Not photographs by the victims, but by the perpetrators shape the visual imagination of the Nazi concentration camps. Photos that camp inmates were able to take secretly are rare exceptions. The bulk of images come from the hands of the SS camp guards. And yet, to this day, SS photographs determine the view on the victims without deconstructing the perspectives and staging of the SS.
Nevertheless, the motifs and visual language of the photos produced in the 1930s sometimes differ greatly from the photos taken in the 1940s. The early networks of the SS before Auschwitz, the beginning of the Nazi camp system, training, and leisure time, but also camp inmates, with whom the SS posed for photos, become visible. At the centre of the lecture, which is based on the analysis of several thousand photos from the 1930s, are the visual stagings and narratives of the prewar period as well as their special characteristics.
Dr Stefan Hördler demonstrates that the early concentration camp system derived as much from practices at the Lichtenburg camp in Prussia or the Sachsenburg camp in Saxony as from practice at the better-studied Dachau camp in Bavaria. He addresses the careers of hundreds of SS camp men, the management of the prewar camps, and other subjects. The discussion illuminates the early evolution of the Nazi camp system in the 1930s.

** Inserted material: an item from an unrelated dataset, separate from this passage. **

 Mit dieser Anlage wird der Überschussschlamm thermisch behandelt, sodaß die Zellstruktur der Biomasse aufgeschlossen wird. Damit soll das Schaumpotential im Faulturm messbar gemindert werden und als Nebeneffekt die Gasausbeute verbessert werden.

Dr Stefan Hördler is Lecturer at the University of Göttingen and Visiting Professor at the University of Huddersfield. Previously he worked at universities and research institutes in Germany, Austria, and the United States. Hördler is the author and co-editor of numerous international publications and prize-winning books. In one of his most recent publications, he explores together with Tal Bruttmann and Christoph Kreutzmüller Lili Jacob’s Auschwitz album. Hördler is member of several international academic advisory boards. For the past decade, he serves as expert consultant in various international investigations against former Nazi camp personnel. His current project examines the industrial transformation and deindustrialization since the 1970s.